Ausgabe Juni 2020

Wie die Ungerechtigkeit triumphierte

22. Oktober 1986 – Präsident Ronald Reagan unterzeichnet das Steuerreformgesetz von 1986

Bild: US-Präsident Ronald Reagan unterzeichnet das Steuerreformgesetz von 1986, 22.10.1986 (White House Photo, SSA History Archives, Public Domain)

Immer mehr Menschen sind der Ansicht, dass die Wirtschaft in den entwickelten Ländern nicht zum Wohle der Arbeiter- und teilweise ebenso wenig zu dem der Mittelschicht funktioniert.
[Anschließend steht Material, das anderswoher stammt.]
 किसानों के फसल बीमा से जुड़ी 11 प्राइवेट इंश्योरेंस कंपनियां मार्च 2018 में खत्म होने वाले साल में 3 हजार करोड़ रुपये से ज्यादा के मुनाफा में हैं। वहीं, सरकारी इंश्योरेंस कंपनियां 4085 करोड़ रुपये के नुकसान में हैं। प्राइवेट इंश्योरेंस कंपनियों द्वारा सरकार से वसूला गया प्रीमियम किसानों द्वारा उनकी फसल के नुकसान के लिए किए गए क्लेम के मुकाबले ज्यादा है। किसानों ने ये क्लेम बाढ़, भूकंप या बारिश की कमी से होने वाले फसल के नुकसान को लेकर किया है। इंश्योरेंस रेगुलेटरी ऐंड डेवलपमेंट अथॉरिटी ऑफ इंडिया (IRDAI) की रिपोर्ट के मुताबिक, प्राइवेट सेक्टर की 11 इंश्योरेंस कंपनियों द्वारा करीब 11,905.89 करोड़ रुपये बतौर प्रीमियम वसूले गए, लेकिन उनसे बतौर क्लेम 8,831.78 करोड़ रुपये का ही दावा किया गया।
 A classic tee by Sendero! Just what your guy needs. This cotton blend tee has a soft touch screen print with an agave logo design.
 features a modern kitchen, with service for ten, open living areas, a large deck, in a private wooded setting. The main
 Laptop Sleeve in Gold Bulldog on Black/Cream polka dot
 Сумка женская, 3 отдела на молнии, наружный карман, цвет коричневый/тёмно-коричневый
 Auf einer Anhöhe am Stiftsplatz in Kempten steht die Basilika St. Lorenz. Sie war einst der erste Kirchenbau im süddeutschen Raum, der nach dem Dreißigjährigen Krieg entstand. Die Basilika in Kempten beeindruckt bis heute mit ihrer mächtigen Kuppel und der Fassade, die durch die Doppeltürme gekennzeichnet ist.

Diese Auffassung wird vermutlich nirgends so vehement vertreten, und das aus guten Gründen, wie in den Vereinigten Staaten – wo das Einkommen der Arbeiterschicht seit 1980 stagniert, wo die Lebenserwartung fällt, wo die Ultrareichen weniger Steuern zahlen als Lehrer und einfache Angestellte, und wo junge Erwachsene ihr Erwerbsleben mit enormen Schulden beginnen.
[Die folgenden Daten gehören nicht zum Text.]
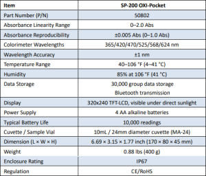SP-200 OXIPOCKET menggabungkan fungsi kolorimeter all-in-one yang unik. Alat ini dirancang khusus untuk mengukur semua biocida oksidatif primer dan disinfektan yang umum digunakan di pasar munisipal, domestik, dan industri. SP-200 menawarkan pengujian kolorimetrik untuk biocida oksidatif, disinfektan, serta amonia. OXIPOCKET menghilangkan kebutuhan akan kolorimeter multi-komponen yang mahal dan independen. Perangkat handheld ini juga memiliki fluorometer terintegrasi yang memungkinkan metode pembacaan langsung untuk konsentrasi Klorin Dioksida dan Pemutih. SP-200 membaca dalam rentang konsentrasi tinggi dan rendah sebagai massa/massa, memungkinkan pengguna menguji sampel langsung untuk konsentrasi yang tepat tanpa memerlukan reagen. Selain itu, perangkat ini dilengkapi dengan transfer log data nirkabel, pembaruan firmware, dan kustomisasi layar melalui aplikasi uPyxis®.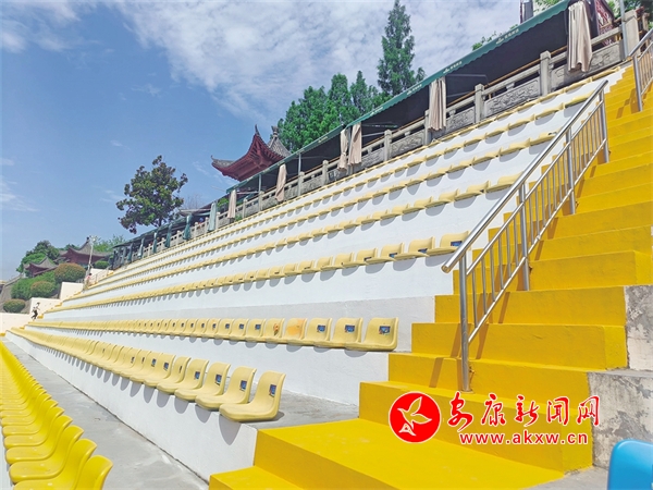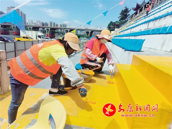 5月30日,工人們?cè)诘诙膶冒部禎h江龍舟節(jié)主會(huì)場(chǎng)進(jìn)行地面第二輪刷漆。據(jù)市市政園林處現(xiàn)場(chǎng)負(fù)責(zé)人介紹,截至目前,已搭建隔離護(hù)欄3715米,建立安檢門及疏散通道18個(gè)、蛇形通道8個(gè),制作安裝導(dǎo)視牌10塊,對(duì)看臺(tái)區(qū)立面刷漆2629平方米,擦拭清洗并固定座椅3794個(gè)。錢運(yùn)立 攝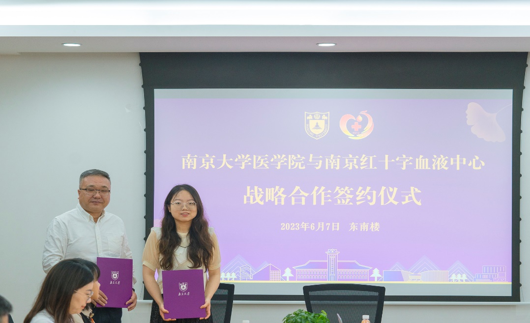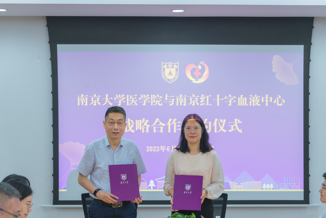6月7日上午,在第20个世界献血者日即将到来之际,BETWAY必威与南京红十字血液中心相聚BETWAY必威鼓楼校区,共同举行战略合作协议签署仪式,深入学习贯彻党的二十大精神和习近平新时代中国特色社会主义思想主题教育,共同探索和完善高校无偿献血、卫生健康等领域的志愿服务模式,共商新征程上双方合作新目标新举措。BETWAY必威医公司党委书记沈苏南、党委副书记王阿妮,南京红十字血液中心主任张春、副主任戴宇东以及双方相关工作人员和员工代表出席活动。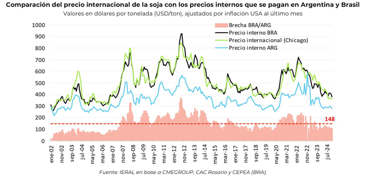 Para tener referencia, entre los años 2002 y 2023 un productor de Brasil recibió en promedio unos USD 148 más por cada tonelada de soja que uno de Argentina (+40%) y en el 2024 esa brecha fue también del 35-40% en favor del país vecino.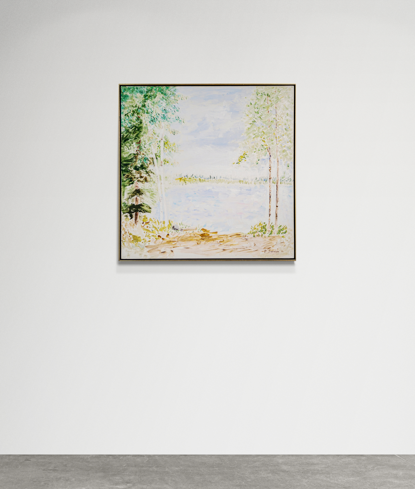 This acrylic landscape by Pat Service captures a lakeside view in summer.Nature has always inspired the artwork of Canadian artist Pat Service. In a career that has spanned more than six decades, she first established her reputation as a superb landscape artist. This is one of her earlier paintings, whose style is reminiscent of the artist David Milne and the impressionists she loved.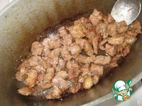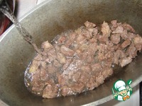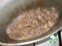 Таким же образом и в третий раз вливаем воду, тушим и обжариваем. За счет этого за 45 минут мясо становится очень нежным и тающим во рту. |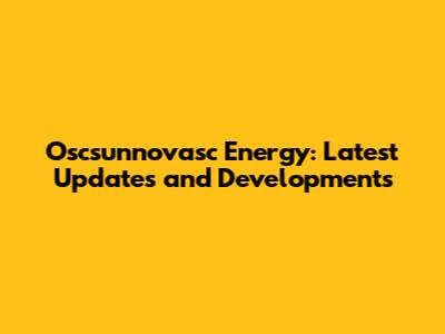Oscsunnovasc Energy: Latest Updates And Developments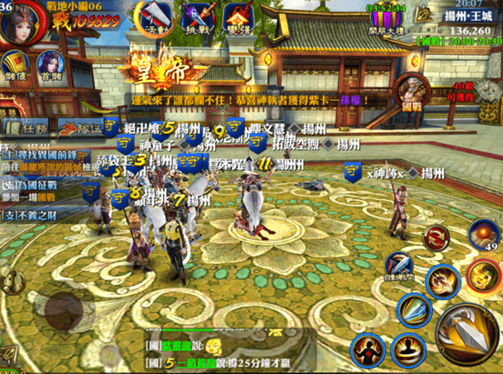 國戰正式開啓式後,小編也來到了王城集合點跟大家集合等待國戰指揮發出指示,而此時,揚州皇帝”絕卍槍”也已經來到集結點進行指揮,看到皇帝的到來,小編也稍微安心了一點。

Wie aber kam die Regierung eines Landes, das jahrzehntelang hohe Einkommen mit 90 Prozent besteuert hatte, Mitte der 1980er Jahre auf den Gedanken, dass stattdessen 28 Prozent besser wären? Wie kam es, dass Ronald Reagan an jenem 22. Oktober 1986 den Tax Reform Act durch seine Unterschrift in Kraft setzen konnte, womit die USA, die jahrelang Vorreiter bei der quasikonfiskatorischen Besteuerung hoher Einkommen gewesen waren, alsbald den niedrigsten Spitzensteuersatz in der industrialisierten Welt ansetzen würden? Und wie kam es, dass nach drei Wochen Plenardebatte der Gesetzentwurf im Senat mit 97 zu 3 Stimmen angenommen wurde? Denn die Demokraten Ted Kennedy, Al Gore, John Kerry und Joe Biden stimmten damals alle enthusiastisch mit Ja.

Dabei war das Gesetz in der Bevölkerung keineswegs sonderlich populär.